• EXERCISE INPUT
□ □ □ □ □ □ □

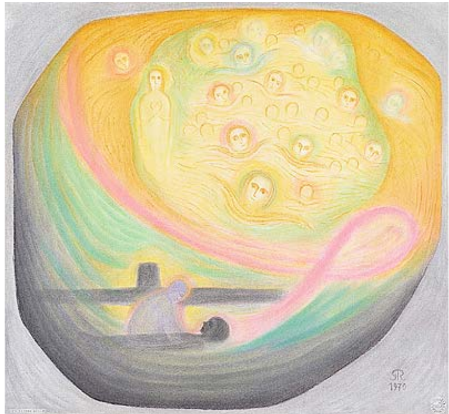
Totenwache (Todesstunde) 1970 (68 x 73 cm) TI 10

Einführung in Spruchworte und Bilder aus „Ein Totenbuch“ von Gerhard Reisch
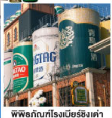
พรรกัณฑ์โรงเบียร์ชิงเต่า
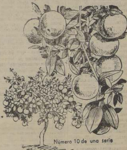
Número 10 de una serie
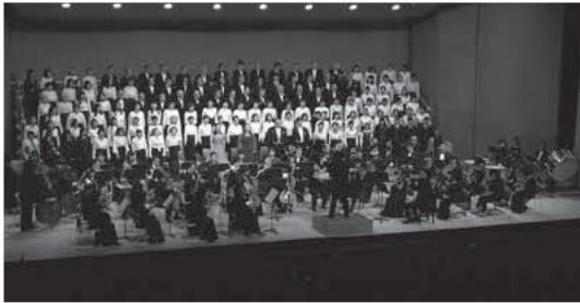
▲オーケストラと一緒に歌いましょう♪
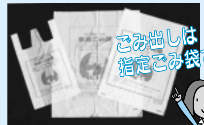
指定ごみ袋は小ささまざま

地球温暖化対策や資源循環型社会づくりのため、レジ袋削減の取り組みが全国的に行われています。秋田市でもその取り組みとして、10月から必ず指定ごみ袋でごみを出していただくことにしました。マイバッグを持って買い物に行くなど、レジ袋削減にご協力ください。ごみ減量推進課tel(866)2943
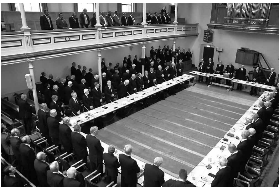
Er mag iets ervaren worden van een innerlijke verbondenheid in de nood en in de schuld van de kerk.

Hoe komt het - zo wordt er gevraagd - dat schuld geen schuld is in het leven van Gods Kerk? Natuurlijk, dit rapport vraagt om bezinning op datgene wat we in een rechte weg mogen en kun-
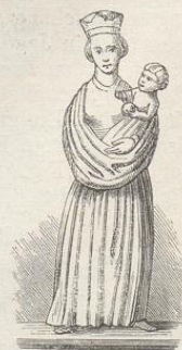
Fig. 231. (Mohelnie.)

Die schon erwähnten, dem oberen Geschoße der Doppel-Capelle angehörenden Capitäle sind mit den betreffenden Bauthteilen so eng verbunden, dass deren Abbildungen in dem vorhergehenden Abschnitte bereits gegeben werden mussten; es bleibt daher für hier nur übrig, die Behandlungsweise und künstlerische Durchbildung der figürlichen Darstellungen zu erklären. Wie bereits angedeutet, stehen diese weit hinter den Pflanzen-Ornamenten zurück; die Figuren gleichen in der That Götzenbildern, wofür sie immer gehalten worden sind, und vom Volke noch immer gehalten werden. Von allen sind die beiden im Architektur-Abschnitte abgebildeten nackten Gestalten nicht allein des obscönen Inhalts, sondern auch der verunglückten Zeichnung wegen
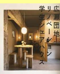
トレイル廃材需要開拓
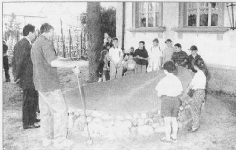
Pasqua: il tradizionale gioco del truc

Altrettanto calorose sottolineature sono state tributate all'autore del libro Claudio Mattaloni, il quale ha narrato le non poche difficoltà incontrate nell'azione di ricerca e d'indagine non solo nelle diverse bi-
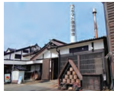
ヤマト糍パーク 榎ヤマト醤油味噌の本店で試食・試飲、お買い物。

□ □ □ □ □ □ □

• TASK TO COMPLETE
Lines that contain "worden" are to be copied from the records above.

• EXPECTED ANSWER
Er mag iets ervaren worden van een innerlijke verbondenheid in de nood en in de schuld van de kerk.
Die schon erwähnten, dem oberen Geschoße der Doppel-Capelle angehörenden Capitäle sind mit den betreffenden Bauthteilen so eng verbunden, dass deren Abbildungen in dem vorhergehenden Abschnitte bereits gegeben werden mussten; es bleibt daher für hier nur übrig, die Behandlungsweise und künstlerische Durchbildung der figürlichen Darstellungen zu erklären. Wie bereits angedeutet, stehen diese weit hinter den Pflanzen-Ornamenten zurück; die Figuren gleichen in der That Götzenbildern, wofür sie immer gehalten worden sind, und vom Volke noch immer gehalten werden. Von allen sind die beiden im Architektur-Abschnitte abgebildeten nackten Gestalten nicht allein des obscönen Inhalts, sondern auch der verunglückten Zeichnung wegen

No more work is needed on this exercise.